### [YOUR GOAL]
Take the lines in the listing below from the line with "Slash pine trees, sawgrass" up to and including the line with "项目1号拌合站的大门外,经常" and set them down exactly, skipping pictures and adding nothing.

### [RECORDS SHOWN]
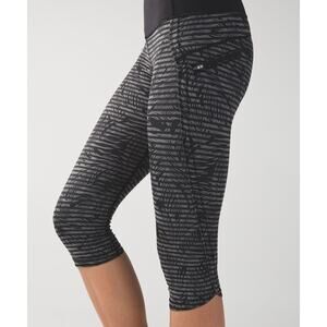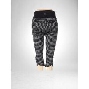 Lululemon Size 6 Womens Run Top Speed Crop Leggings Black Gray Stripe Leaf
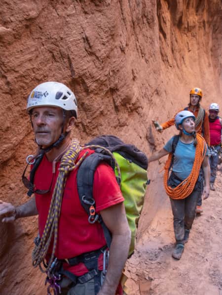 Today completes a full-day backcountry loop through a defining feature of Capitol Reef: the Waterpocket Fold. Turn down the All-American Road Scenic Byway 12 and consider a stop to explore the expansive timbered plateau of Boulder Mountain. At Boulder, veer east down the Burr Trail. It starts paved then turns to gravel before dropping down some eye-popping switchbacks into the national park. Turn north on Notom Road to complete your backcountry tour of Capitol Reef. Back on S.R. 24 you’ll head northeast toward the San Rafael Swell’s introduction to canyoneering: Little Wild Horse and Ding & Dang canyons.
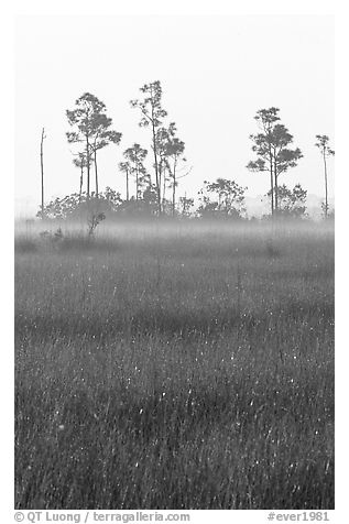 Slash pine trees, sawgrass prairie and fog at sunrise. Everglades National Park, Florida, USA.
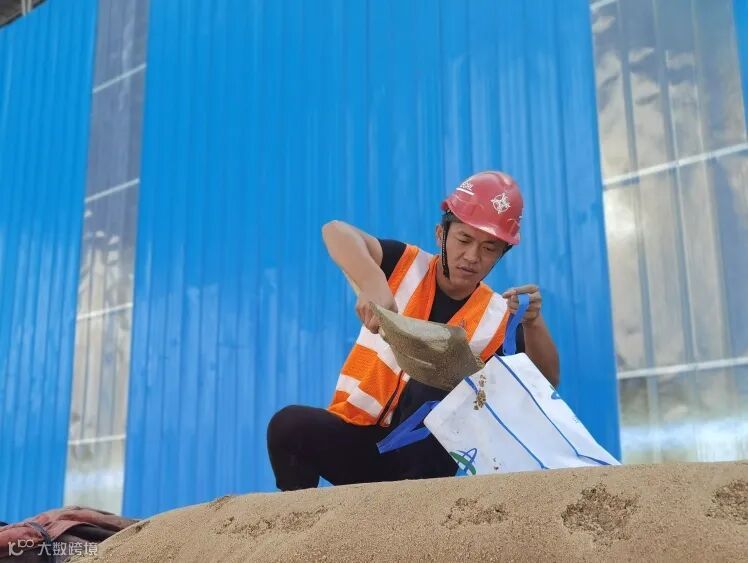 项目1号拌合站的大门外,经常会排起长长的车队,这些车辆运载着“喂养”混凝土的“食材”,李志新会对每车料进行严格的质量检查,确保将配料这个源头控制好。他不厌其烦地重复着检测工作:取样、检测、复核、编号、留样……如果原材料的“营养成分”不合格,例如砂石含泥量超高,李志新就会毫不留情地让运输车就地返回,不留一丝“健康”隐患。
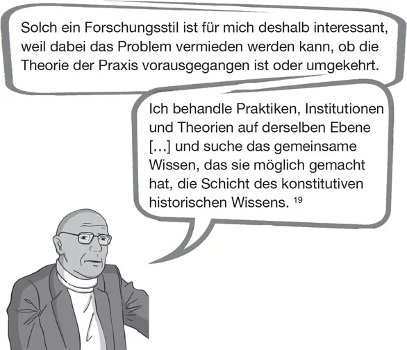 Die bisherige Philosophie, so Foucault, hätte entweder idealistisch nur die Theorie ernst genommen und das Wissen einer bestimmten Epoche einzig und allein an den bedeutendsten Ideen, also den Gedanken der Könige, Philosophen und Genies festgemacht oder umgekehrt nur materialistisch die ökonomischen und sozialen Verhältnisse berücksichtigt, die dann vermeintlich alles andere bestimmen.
==
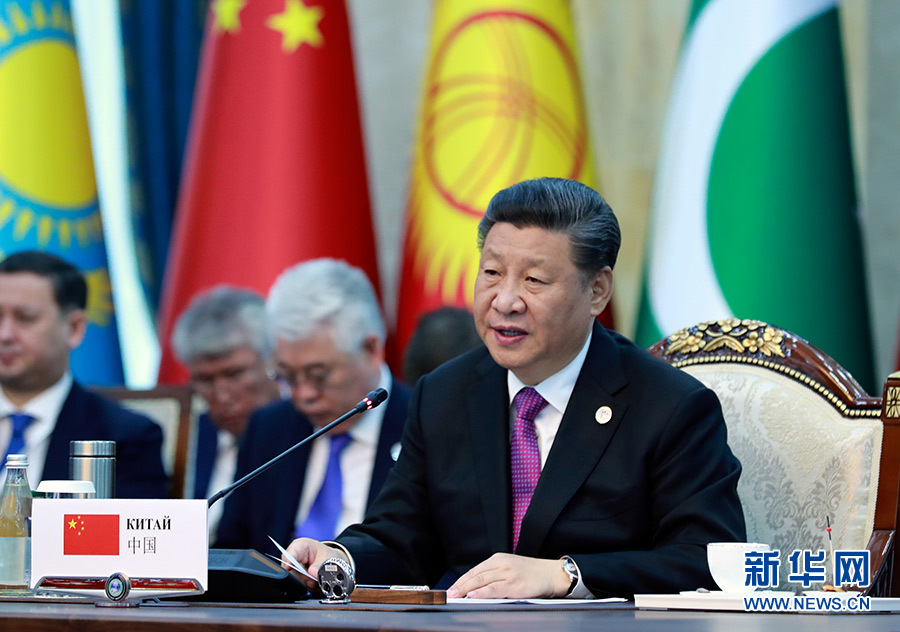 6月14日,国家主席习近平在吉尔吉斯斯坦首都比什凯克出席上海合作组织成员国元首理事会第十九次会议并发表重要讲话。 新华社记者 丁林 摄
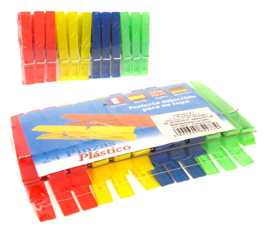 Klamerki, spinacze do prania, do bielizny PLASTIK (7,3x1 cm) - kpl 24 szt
...
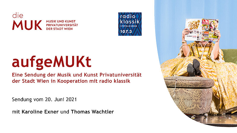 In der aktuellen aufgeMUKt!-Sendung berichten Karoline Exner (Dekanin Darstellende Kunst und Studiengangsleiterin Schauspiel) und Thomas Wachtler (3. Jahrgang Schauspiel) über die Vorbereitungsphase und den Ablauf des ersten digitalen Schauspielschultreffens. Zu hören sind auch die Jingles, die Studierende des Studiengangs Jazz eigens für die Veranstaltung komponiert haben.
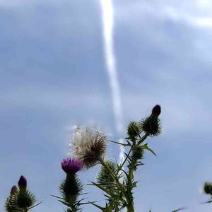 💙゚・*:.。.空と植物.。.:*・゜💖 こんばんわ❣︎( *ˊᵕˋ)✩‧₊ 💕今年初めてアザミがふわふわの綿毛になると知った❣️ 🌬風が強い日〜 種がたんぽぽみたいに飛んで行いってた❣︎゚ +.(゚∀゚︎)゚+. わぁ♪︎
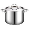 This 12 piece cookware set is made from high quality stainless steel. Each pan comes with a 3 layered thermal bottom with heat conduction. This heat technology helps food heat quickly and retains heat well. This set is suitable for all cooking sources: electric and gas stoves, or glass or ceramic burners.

### [SOLUTION FOR THIS EXERCISE]
 Slash pine trees, sawgrass prairie and fog at sunrise. Everglades National Park, Florida, USA.
 项目1号拌合站的大门外,经常会排起长长的车队,这些车辆运载着“喂养”混凝土的“食材”,李志新会对每车料进行严格的质量检查,确保将配料这个源头控制好。他不厌其烦地重复着检测工作:取样、检测、复核、编号、留样……如果原材料的“营养成分”不合格,例如砂石含泥量超高,李志新就会毫不留情地让运输车就地返回,不留一丝“健康”隐患。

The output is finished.